Shepherd had pushed it as far as he could. ‘And you’re okay with me having a few days off?’

‘Providing you’re available for this Birmingham case, yes. Are you okay? You look tired.’

‘I didn’t sleep much last night,’ he said.

‘Maybe a couple of days off is what you need,’ she said. ‘I’ve been working you pretty hard over the last couple of months.’

Shepherd felt a twinge of guilt at her concern for his welfare, but he could hardly admit to her that the reason he was tired was because he’d spent the previous night flying to and from Baghdad.

Shepherd was in his bedroom packing clothes into a holdall when his personal mobile rang. It was Jimmy Sharpe. ‘Razor, what’s up?’

‘I’m in deep shit,’ said Sharpe. ‘Can you talk?’

‘I’m on my way out but, yeah, what’s the problem?’

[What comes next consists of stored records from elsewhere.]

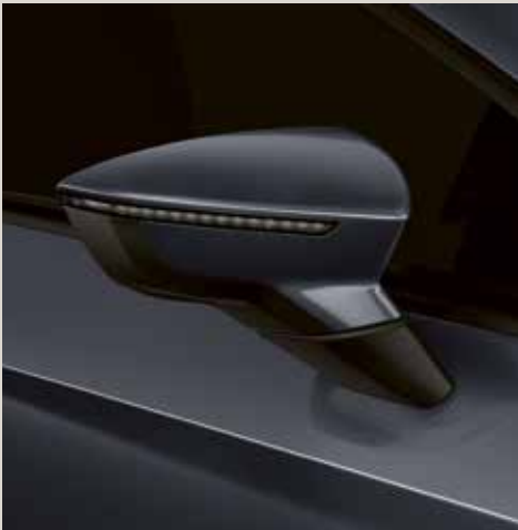
Magnetic Tech 2 St FR
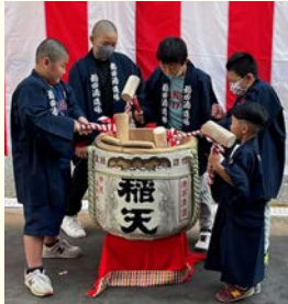
▲日本酒鏡開き体験

この他、天理市の観光スポットを訪れ、柿の葉寿司「平宗」で柿の葉寿司の手づくりを体験、石上神宮では絵馬を奉納、稲田酒造では日本酒鏡開き体験や大一電化社による出張ラテアート体験、また、天理観光農園では餅つき体験を楽しみました。
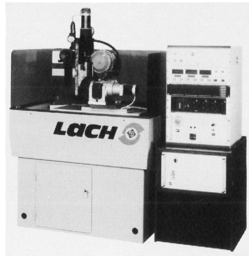
Abbildung 1 Gesamtansicht der Lach-pkd-Diamantschleifmaschine Baureihe M

Lach-Vertriebs GmbH, Donaustraße 17–21, D-6450 Hanau 1, Telefon 061 81/103-02
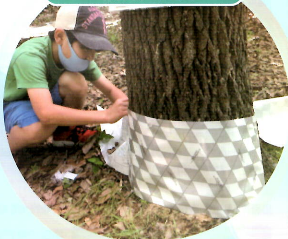
鶴二おやじたちの会 (東京都)

‘That new shrink’s pulling the plug on me.’

‘She’s what?’

‘Racist tendencies make me unsuitable for undercover work, she said.’

‘She told you that?’

‘Button called me. And that pisses me off – she didn’t have the balls to tell me face to face. Had to do it on the phone.’

‘Bloody hell, Razor, what did you say to her?’

‘Told her to stuff her bloody job.’

‘I meant to Stockmann. What did you tell the shrink?’

‘It was just a chat, same as it always used to be with Gift. To and fro, a bit of banter, showing her I hadn’t lost my marbles and that I can still walk in a straight line without falling over my feet.’

‘So how did the racism issue come up?’

‘We talked about the recent cases. About the Pakis and that.’

‘And you called them Pakis, of course?’

‘Don’t you bloody start,’ snapped Sharpe. ‘Paki is short for Pakistani. I’m a Scot, you’re a Brit, a Paki’s a Paki. What am I supposed to say? A citizen of Pakistan?’

‘Anything else?’

‘It was just chit-chat, Spider – and, okay, I might have let my guard down – but now Button says I should be looking for a transfer.’

‘Did she say you were off the unit?’

‘Not in so many words. She didn’t flat out sack me, but the writing’s on the wall.’

‘What do you want me to do, Razor?’

‘Put in a good word. Tell Button how it is. She listens to you.’

‘She’s our boss, Razor. It’s her unit.’

‘If you don’t do something, I’m out. And I’m not going back into uniform at this time of my life.’

‘It won’t come to that, and you know it. There are other options.’

‘I don’t want other options. I want to stay in SOCA.’

Shepherd looked at his watch. He had four hours before his flight left Heathrow. ‘Let me see what I can do,’ he said.